A hive first conjures a colony of bees. We’re programmed to think of all aphorising associations like industrious production. Perhaps a bee is closer to a cell or an organ than a creature. Perhaps the hive is the beast. Like all beasts it has its majesty, its domain, but it also has fragility and clumsiness. Creatures are perceived in displaced and fabricated contexts. Zoo. Rooftop garden. Calendar.

Hives scratched into being are a different kind of colony. An overreaction of the body’s defenses. A tiny little architecture propped up to defend a swath of skin from something that was never threatening in the first place.

Noël Morical is all tied up in knots. Each knot is a whole thing that has a name and technique. Together they stand as a unit, as a body or as a home. History, as in the stories of battles and victories, teach the knot tying. Macrame is the craft of sailors between the hotter moments. Preparation. A repeated action that memorializes. Spanish sailors picked up the practice from moorish conquests. A long history of embellishment.

Max Byron Garett harnesses a different vocabulary of embellishment. Tsotckies. Function as a unit more than on their own. We’re accustomed to horses belonging to herds, so they are both the group and the individual, but Max is rewriting the hierarchies.
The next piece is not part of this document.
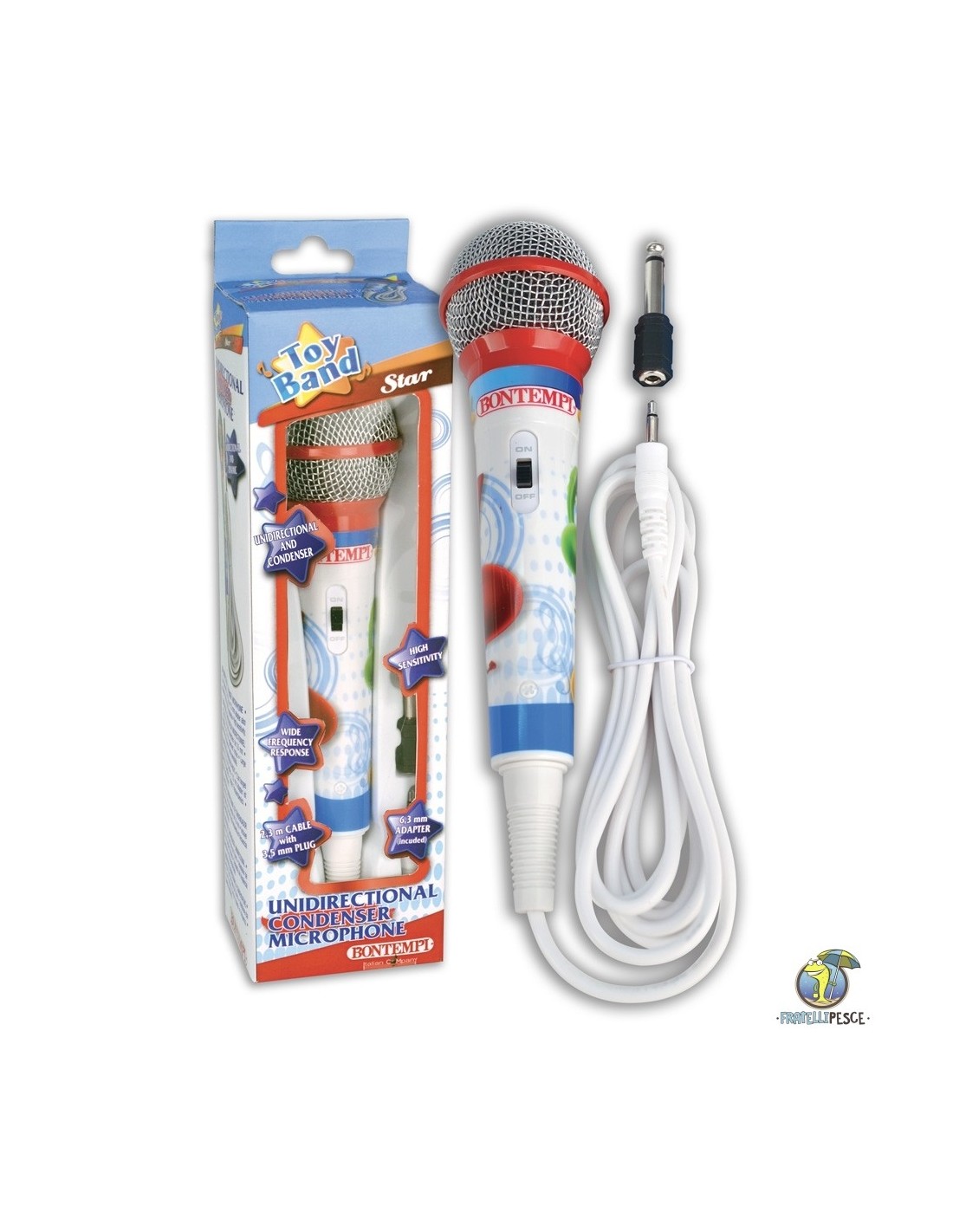 Microfono a condensatore, ideale per sessioni di registrazione audio e per karaoke il ambienti chiusi. Il prodotto non è un giocattolo, non adatto a bambini di età inferiore a 6 anni Contenuto della confezione 1 x microfono -Microfono a condensazione, utilizzabile con tutti i prodotti Bontempi -Ideale per registrazioni audio -Ottima riproduzione del suono Microfono a condensazione, utilizzabile con tutti i prodotti Bontempi Ideale per registrazioni audio

Color and too much color. We don’t have very good ways of saying this, but taste is forgiven the great warrior or athlete. The shoes or uniforms of our greatest tend toward piling too many of our most intense and synthetic color ways. Funny where the cycle meets. The most reviled, the marginalized, and the poor share the visual markers of our strongest and most revered. Too much, too loud, too shiny. 

We posture as though we always know the difference. Difference between an individual and the larger identity. Difference between good taste and bad. Between fierce and fierce. Noël hovers and Max ducks under, but they each hold their own somewhere between the rules of the game.